При мне сильных припадков у Ольги не было, но она плакала, волновалась и ее „трясло", т. е. в конечностях и голове наблюдалась довольно быстрая дрожь. Подробное физическое исследование не показало никаких отклонений в нервной системе. Со стороны психики: частое волнение, безпричинный страх и навязчивое состояние в форме боязни святостей и табаку. По отношению к гипнозу, как и все другие кликуши, оказалась типичной сомнамбулой, со всеми явлениями, многократно описанными выше. Как особенность следует отметить, что анестезия без внушения самостоятельно не наступила; она реагировала на уколы, поднося к месту нанесения раздражения руку, пока не было сделано соответственного внушения. Лечебный эффект внушения был вполне благоприятный.
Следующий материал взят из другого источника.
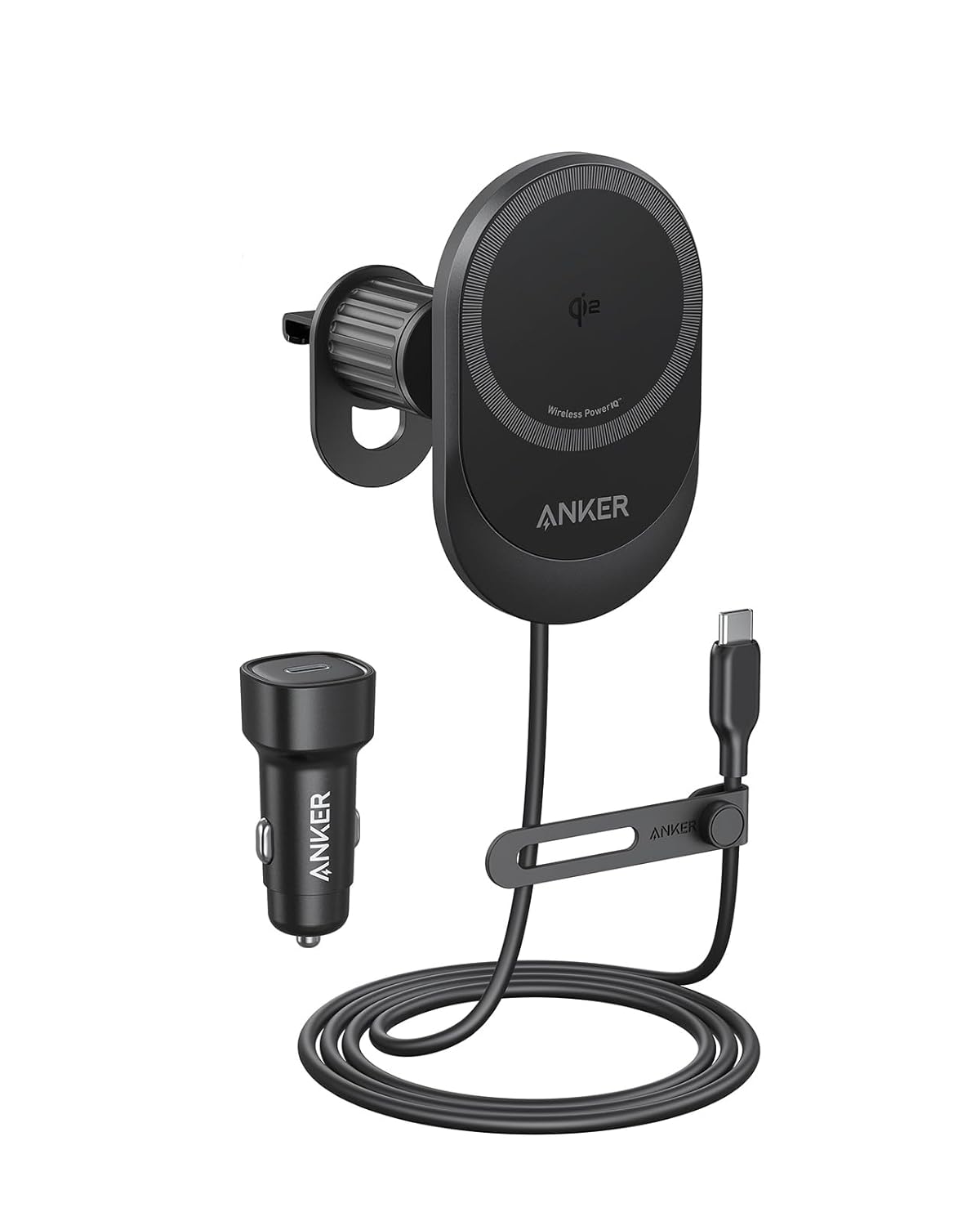 شاحن Anker MagGo اللاسلكي للسيارة مع محول سيارة 25 وات، أسود
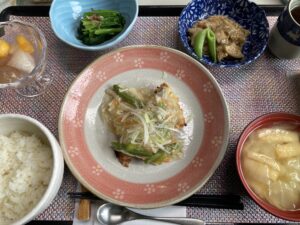 魚の塩麹銀あんかけ、れんこん挽肉煎り煮、青菜のお浸し、ご飯、味噌汁&デザート
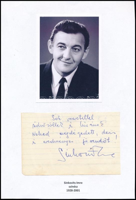 Leírás: Sinkovits Imre (1928-2001) színész aláírása papírlapon, fényképpel
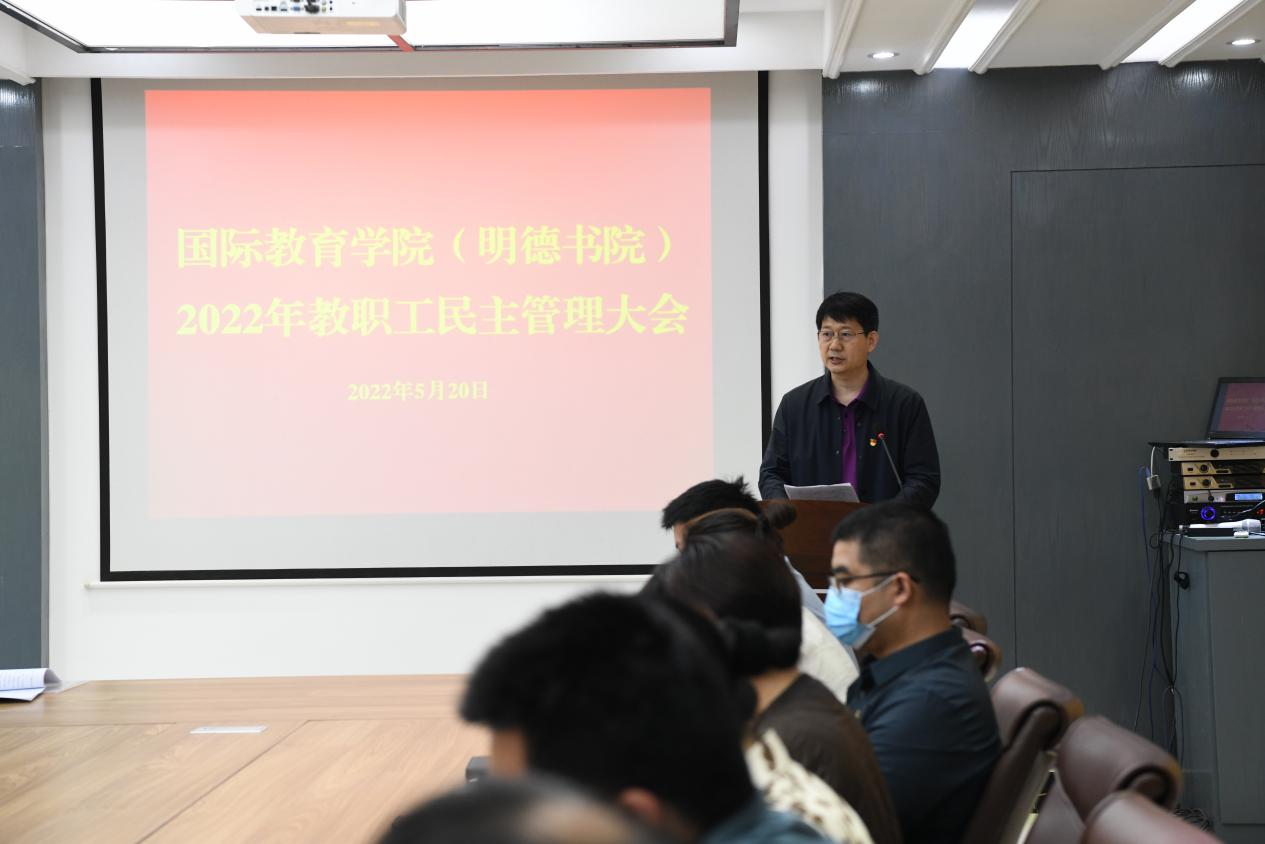 会上,审议并表决通过了《国际教育学院(明德书院)工作报告》、《工会委员会工作报告》、《国际教育学院“十四五”发展规划》、副院长刘基伟宣读了《新乡医学院国际教育学院(明德书院)2022年教职工民主管理大会决议(草案)》。
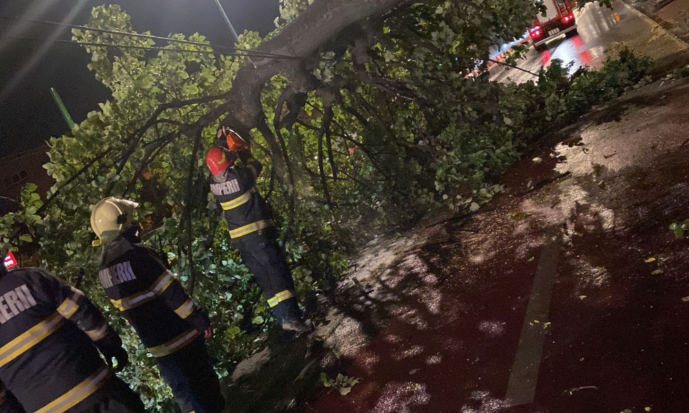 Pompierii au acționat pentru degajarea copacului și asigurarea perimetrului.
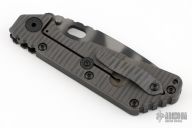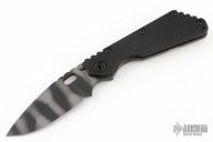 This SMF from Strider Knives features a tiger stripe blade and textured black G-10 and flamed titanium handle and matching tip up titanium clip. Notches on thumbrest, rear of handle, and lockup. Includes Hinderer "Lock Bar Stabilizer" for maximum reverse lock retention. New condition.
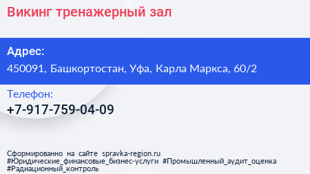 Викинг, тренажерный зал по адресу 450091, Башкортостан, Уфа, Карла Маркса, 60/2 в дальнейшем Организация, размещена в следующих категориях:
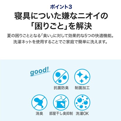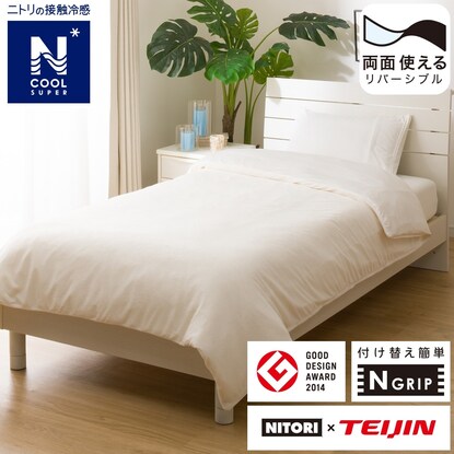 ポイント1 電気を使わずひんやり快適! 定番より冷たいNクールSP Nクールとは、ニトリが開発した触れると冷たい!と感じる「接触冷感」の生地のこと。ニトリのNクールで寝苦しい夜を快適に。 ポイント2 この一枚で長~く使える! 両面使えるリバーシブル 強冷感面と心地いいパイル面のリバーシブル。季節に合わせて使い分けできるので一年中お使いいただけます。ふとんを入れずにケットとしてもお使いいただけます♪ ポイント3 寝具についた嫌なニオイの 「困りごと」を解決 夏の困りごととなる「臭い」に対して効果的な5つの快適機能。洗濯ネットを使用することでご家庭で簡単に洗えます。 ※画像・イラストはイメージです。 ダブルサイズ【NITORI×TEIJIN】【ニトリの接触冷感(Nクールスーパー)】裏生地ふとんがズレにくい「ナノフロント®」生地を裏返し面の上下に使用 ひもなしラクラクなのでカバーの付け替え簡単! 両面使えるリバーシブル 抗菌防臭(裏生地) 制菌加工(裏生地) 部屋干し臭抑制(裏生地) 消臭加工(裏生地) 出し入れ簡単!全開ファスナー スリット付き■組成 表生地:パイル ポリエステル80%、レーヨン20% 地糸 ポリエステル100% 裏生地:ポリエステル45%、ナイロン43%、レーヨン12% 滑りにくい部分(内側):ポリエステル100%■洗濯機OK(ネット使用)こちらは掛けふとんカバーのみの販売です。
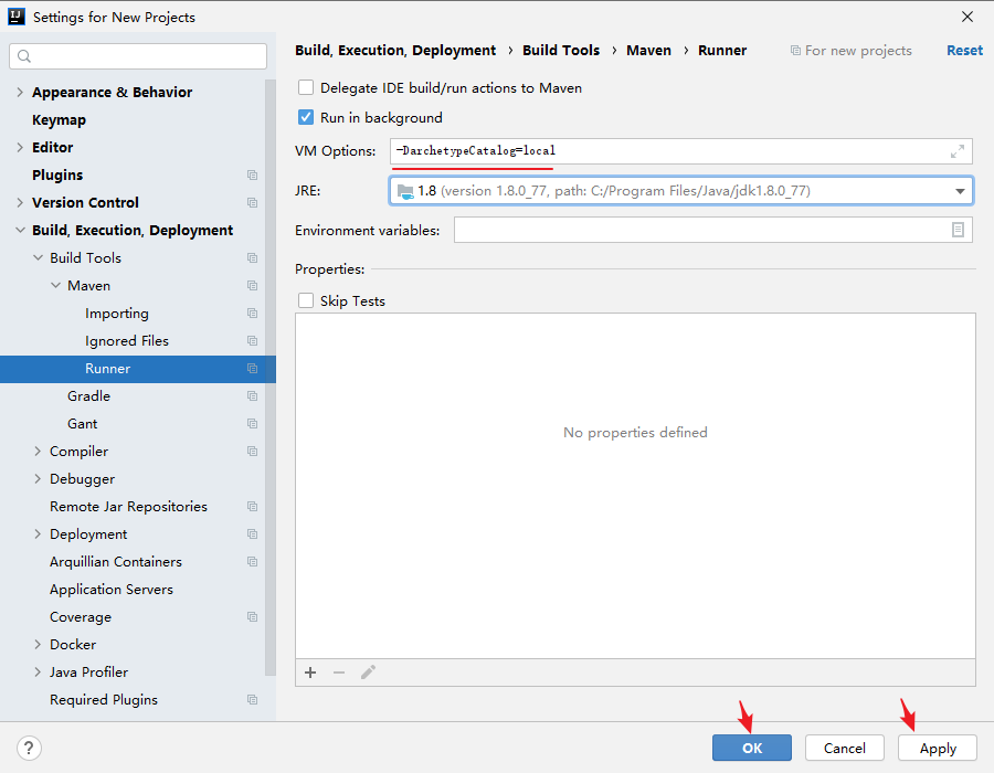 (1)点击菜单->File->Other Settings->Default Settings->Build,Execution,Deploy->Build Tools->Maven->Runner->VM Options 输入:
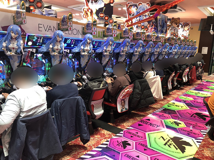 昼頃からは人気機種の「新世紀エヴァンゲリオン〜未来への咆哮〜」「スマートぱちんこソードアート・オンライン」も高稼働をキープし始めました。

4. Фекла Романова 50. л., замужняя, больна три года. Историю заболевания рассказывает так: „Пришел однажды батюшка служить службу, ну, я и заревела. Не знаю, что случилось. Заболело под грудями. Рёв такой сделался, что все бы ревела, что силы есть. Сперва трясло, всю ломает: не помню ничего. Брюхо, — что тяжелая, вздувается. Не могла ходить в церковь. Ходила в город лечиться к колдуну Соколову. И он говорит — спорчена. Как незаздоровела, незалюбила табак“. На вопрос, кто у нее внутри сидит, ответила: „Господь его знает! Теперь, думаю, никого там нет. Надувало брюхо, а не знаю, кто сидит! В утробе разве узнаешь, кто сидит“! В настоящее время боится табаку и жалуется на боль под ложечкой. Бывают припадки кликушества не часто. В пылу общего увлечения, также приписывает свою болезнь порче, причиненной ей Марфой, хотя раньше с ней никаких ссор и вражды не имела. Как и у всех других кликуш в нервной системе никаких отклонений от нормы у Феклы не обнаружено. Со стороны психики она мало развита, суеверна. Как постоянный признак болезни — навязчивое состояние в форме боязни и нетерпимости к табаку. По отношению к гипнозу Фекла оказалась типичной сомнамбулой, у которой были установлены все явления, описанные многократно выше. Лечебное внушение было благотворно, и, проснувшись, она сама курила папиросу.